Thursday, May 20, 2021
New Orleans - Beauregard-Keyes House
We are in New Orleans to attend our neice's graduation from Tulane, but are doing a little sightseeing too. After a springtime rainstorm, we took a stroll from our lodgings at the NOPSI hotel in the Central Business District to the French Quarter, where we zigzagged over to Royal Street, the main shopping and business street of the district since the 1840s. We were on our way to the French Market when I spied a sign for the Beauregard-Keyes house,with tours on the hour. And as it was five to the hour, I told Steven it was fated that we stop and tour this nearly 200 year old house.

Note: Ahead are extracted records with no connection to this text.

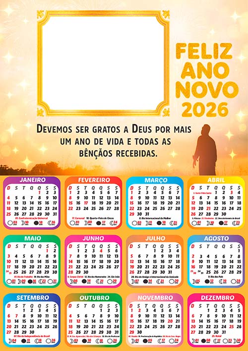 ✅ Arte Digital Calendário 2026 com Feriados de Feliz Ano Novo – Pronto para Montagem de Foto e Imprimir em Alta Qualidade!
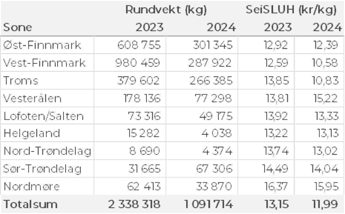 Omsetningen av fersk sei i uke 35 utgjorde 1.210 tonn til en verdi av 11 millioner kroner. Ned fra 1.840 tonn/16 millioner kroner uken før. Fangstene er ganske jevnt fordelt på garn, snurrevad og not med 340-370 tonn på hver, og i tillegg var 110 tonn tatt på trål og 30 tonn på juksa. Fremdeles labert seinotfiske, med leveranser fra 7 båter til 2 kjøpere i Vest-Finnmark og 3 i Troms. Det meste av snurrevadseien var levert i Øst-Finnmark. Mer spredt garnfiske. Den geografiske fordelingen av seileveransene unntatt trål framgår av tabell 4.
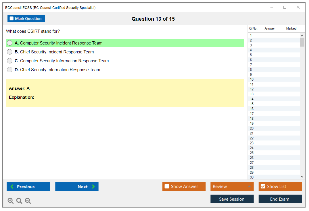 The ECCouncil ECSS (EC-Council Certified Security Specialist) Exam is a certification exam designed to validate the knowledge and skills of individuals in the field of information security, network security, and computer forensics.
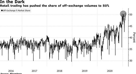 Przez lata obrót pozagiełdowy stanowił zwykle od 30 do 40 proc. całkowitego wolumenu akcji w USA. Na początku ostatniej dekady większość obaw krytyków skupiała się na tym, jak ciemne pule - rynki prywatne zwykle zarządzane przez banki, które chcą utrzymywać zamówienia swoich klientów we własnym zakresie - przejmują biznes z NYSE i Nasdaq. Jednak ruch do ponad 50 proc. rozpoczął się około rok temu we wczesnych stadiach pandemii, napędzany eksplozją handlu detalicznego. „Należy zadać pytanie: czy rynek nadal uzyskuje prawidłowe ceny, gdy występuje podwyższony poziom aktywności pozagiełdowej?" pyta Justin Schack, partner w Rosenblatt Securities w Nowym Jorku. „Jeśli sprzedajesz swój dom, chcesz pokazać go jak największej liczbie osób, a nie tylko jednej lub dwóch". Przedstawiciel Citadel Securities odmówił komentarza. Dyrektor firmy Virtu odrzucił pogląd, że transakcje obsługiwane przez jego firmę i jej konkurentów odbywają się w tajemnicy.
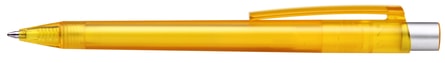 A push button pen with extra wide clip ideal for branding. Available in a choice of 11 mix and match transparent colours including the plastic push button tip and nose cone. Choice of black or blue replaceable ink refill with a writing distance of up to 6000m
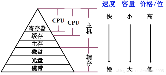- 辅助存储器(外存):外存存放系统程序和大型数据文件及数据库存储容量大,单位成本低。

The house is next to Ursulines street, across from a former convent for Ursulines nuns, now a museum. It was these nuns who sold the first owner, John Le Carpentier, the lot for the house in 1825 for $6,000. The house, of Creole American style (Carpentier and his architect were both Creoles from Haiti), was completed in time for the wedding of Carpentier's daughter in 1829. But then Carpentier sold it a few years later in 1833 to Swiss businessman John Merle, who was forced to sell it after the financial panic of 1837. A plantation owner's widow purchased the home, then the Lanata and Giancona familes, Italian merchants. In between, Dominique Lanata rented the house to General P.G.T. Beauregard, the Confederate General, though only for 18 months circa 1865 or 1866. (Later, when the house fell into disrepair, it was a group of Southern ladeis, captivated by Beauregard, that renamed the house Beauregard House. It also helped with the fundraising.) You can still the general's trunk in the house as well as his portrait above the mantle in the ballroom.

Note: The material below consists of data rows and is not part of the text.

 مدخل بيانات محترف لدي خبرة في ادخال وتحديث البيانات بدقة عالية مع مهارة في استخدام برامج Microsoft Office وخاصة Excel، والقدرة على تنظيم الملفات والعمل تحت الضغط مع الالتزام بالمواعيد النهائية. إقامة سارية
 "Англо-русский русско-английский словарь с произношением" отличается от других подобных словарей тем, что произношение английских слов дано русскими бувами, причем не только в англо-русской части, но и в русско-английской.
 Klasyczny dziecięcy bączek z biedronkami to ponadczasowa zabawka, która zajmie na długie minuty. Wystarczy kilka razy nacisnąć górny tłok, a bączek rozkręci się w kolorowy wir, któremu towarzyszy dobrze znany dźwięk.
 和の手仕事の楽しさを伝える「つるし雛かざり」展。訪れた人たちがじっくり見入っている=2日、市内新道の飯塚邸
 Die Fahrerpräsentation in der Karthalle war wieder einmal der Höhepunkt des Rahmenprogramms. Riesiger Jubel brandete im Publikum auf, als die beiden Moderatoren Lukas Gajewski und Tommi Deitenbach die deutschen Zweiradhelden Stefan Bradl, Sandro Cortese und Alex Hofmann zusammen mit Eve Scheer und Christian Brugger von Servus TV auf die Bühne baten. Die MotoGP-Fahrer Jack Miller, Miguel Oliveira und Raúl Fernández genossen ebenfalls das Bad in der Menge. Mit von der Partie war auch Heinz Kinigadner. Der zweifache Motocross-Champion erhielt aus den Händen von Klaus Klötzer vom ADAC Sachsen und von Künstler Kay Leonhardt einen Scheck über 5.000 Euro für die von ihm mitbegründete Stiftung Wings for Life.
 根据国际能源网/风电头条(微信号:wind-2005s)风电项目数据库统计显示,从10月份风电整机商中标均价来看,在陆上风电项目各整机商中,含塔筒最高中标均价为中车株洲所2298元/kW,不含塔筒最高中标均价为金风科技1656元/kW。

Before it could be razed and replaced with a macaroni factory, it was saved for preservation in 1926, then rented by the novelist Frances Parkinson Keyes before becoming museum in the 1970s.

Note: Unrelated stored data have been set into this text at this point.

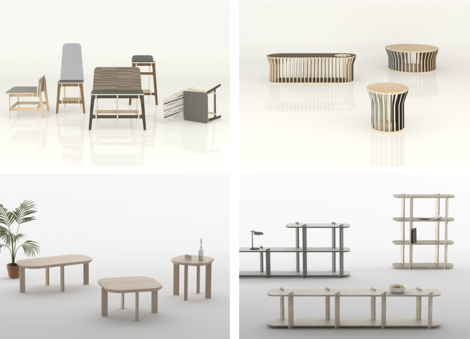 Actualmente, Me-Do permite a los usuarios trabajar sobre cuatro familias de producto que incluyen sillas, mesas y repisas hechas completamente en madera, para las que se puede escoger de forma simple detalles como el alto, largo y ancho, así como también sus texturas.
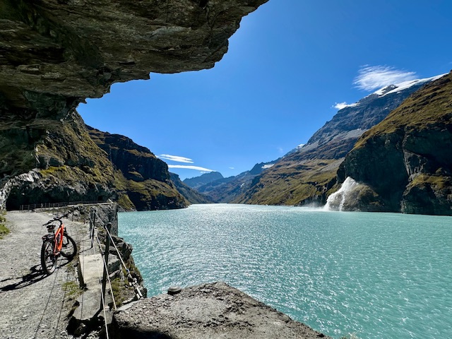 The Dam is 250m high, the 15th highest in the world, and forms the Lac de Mauvoisin. This Lac is really stunning, flanked by tall rocky mountains, among which is the massif of the Grand Combin with some of the highest peaks in the Alps (in the 4,000m). A few glaciers can be spotted in the distance.
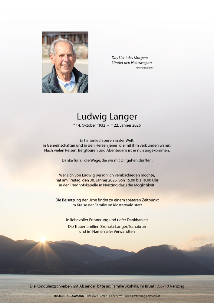 Bestattung wurde durchgeführt von: Bestattung Ammann Rankweil Ammann Bestattung GmbH Rankweil Splügenweg 1 6830 - Rankweil Tel.: 05522 42104 zum Bestatter
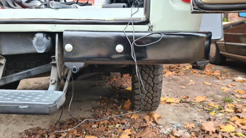 Da Olga keine Kunststoffstoßstangen hat, was das mit Ultraschall arbeitende System negativ beeinflussen kann, habe ich mich -gegen- Einbau-, und -für- Aufbau-Sensoren entschieden. Diese findet man im LKW-Zubehör.
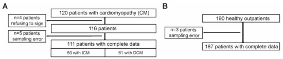 Study design. Patients with cardiomyopathy (A) and the healthy volunteers (B) recruited for the current study.
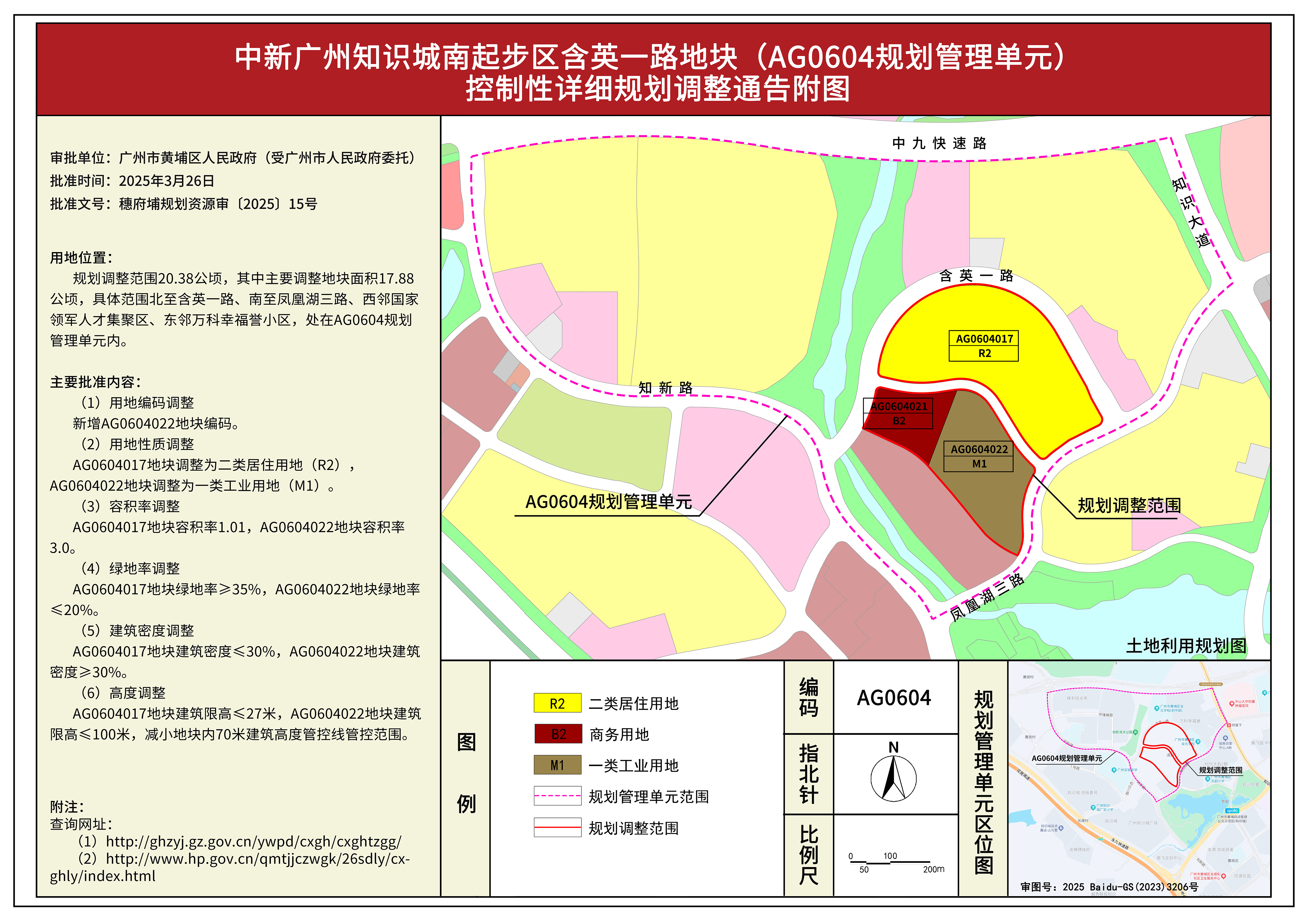 根据《广东省城市控制性详细规划管理条例》有关规定,《中新广州知识城南起步区含英一路地块(AG0604规划管理单元)控制性详细规划调整》已获广州市黄埔区人民政府批准(受广州市人民政府委托)(穗府埔规划资源审〔2025〕15号),自批准之日(2025年3月26日)起生效。
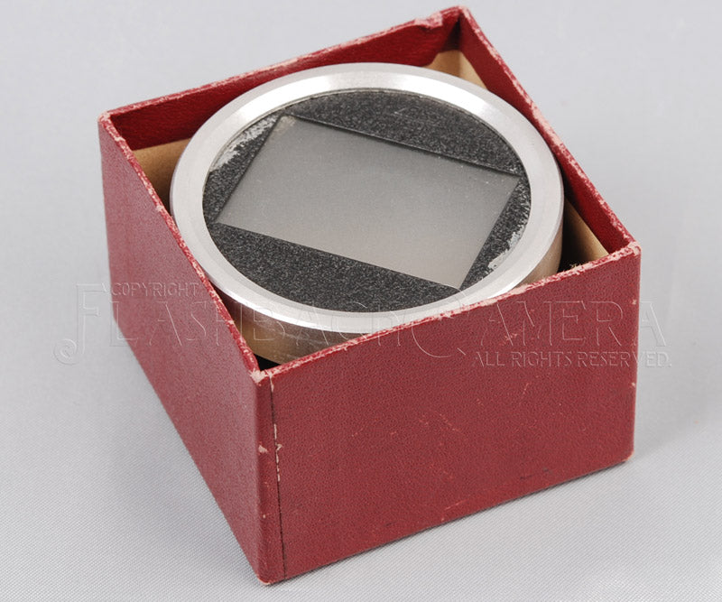 ツァイスイコン製のピントチェッカー。コンタックス用外爪レンズを取り付けると、スクリーンに像が浮かび上がります。レンズチェックの際、無限遠が出ているか、距離指標と実際のピント位置の比較に使うことができます。スクリーン、外観は少々擦れが見られます。ハチゴゾナーを装着して結像確認済です。元箱(下側だけ)が付属します。
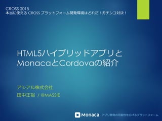アプリ開発の可能性を広げるプラットフォーム HTML5ハイブリッドアプリと MonacaとCordovaの紹介 アシアル株式会社 田中正裕 / @MASSIE CROSS
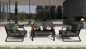 Материалы и цвета: каркас мебели выполнен из всесезонного алюминия с порошковым покрытием темно-серого цвета (карбон), подушки спинок и сидений обшиты уличной тканью темно-серого цвета (А13805) с водоотталкивающей пропиткой, толщина подушек 12 см, столешница кофейного столика глянцевая, изготовлена из закаленного стекла толщиной 5 мм с нанесением черного цвета с помощью шелкотрафаретной печати.
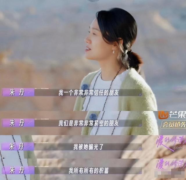 此前,朱丹在综艺节目中自曝曾被一个非常亲密的好友骗光了所有的积蓄。她透露对方在拍摄过程中遇到资金问题要周转,对方跟她说已经找到了借款方,希望她去见证这个事。之后,对方又联系到她,说自己可以把资金还上了,因为朱丹曾经见证过,这次要让朱丹再见证一次,证明他们要还上这个钱了,因为朱丹不在北京,对方说没关系,给她寄过来,结果寄过来的是一张白纸,让她在白纸上签字。朱丹称:“我就把见证人和担保人混在了一起,我就写了我的名字”。尽管此后朱丹起诉这位朋友获得了胜诉,但朱丹称,朋友宣布破产,又让她”一夜 (之间)什么都没有了,我还欠了很多钱”。
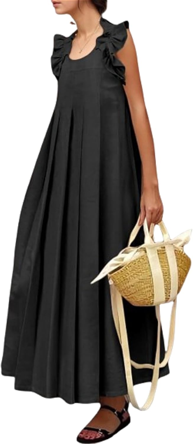 Boho Ruffle Maxi Dress Women Sleeveless Pleated Skirt Casual Sundress Summer Vacation Outfits Loose Fit Beach
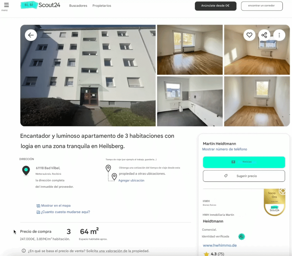 Veamos el siguiente inmueble: Un piso de tres habitaciones con 64 m² en una zona residencial acomodada de Fráncfort del Meno. El edificio se construyó en 1965, se renovó por última vez en 2025 y ahora tiene la clase energética B. Precio: 247 000 €.
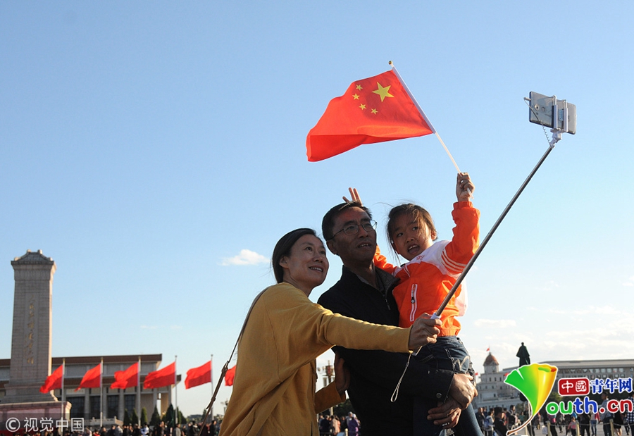 北京迎來高顏值好天氣 游客紛紛在天安門廣場拍照留影
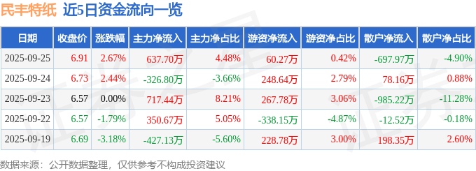 证券之星消息,截至2025年9月25日收盘,民丰特纸(600235)报收于6.91元,上涨2.67%,换手率5.85%,成交量20.57万手,成交额1.42亿元。
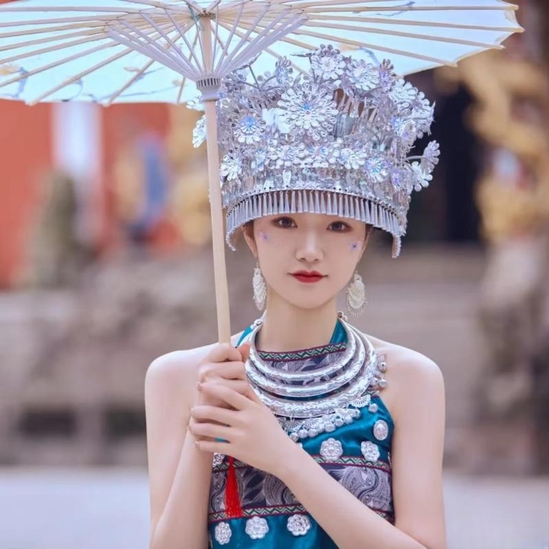 New Miao heads adorned with Aou heads adorned with Miao silver hat Guizhou minority headwear Miao ethnic silver ornaments-Taobao

But the best story of this house involves the Sicilian mafia, or more precisely the Silician Black Hand. The Giancano family had purchased the house in 1904 and ran their wholesale liquor business out of it and were doing quite well when four members of the Black Hand came to call on June 16, 1908. After what must have been a tense dinner (in the room above), Pietro Giacona excused himself from the table for a moment, came back with a shotgun, and shot all four men from the Black Hand. Only one lived. Pietro and his son were arrested, but nothing came of it. The Italian community in New Orleans instead considered giving them a medal.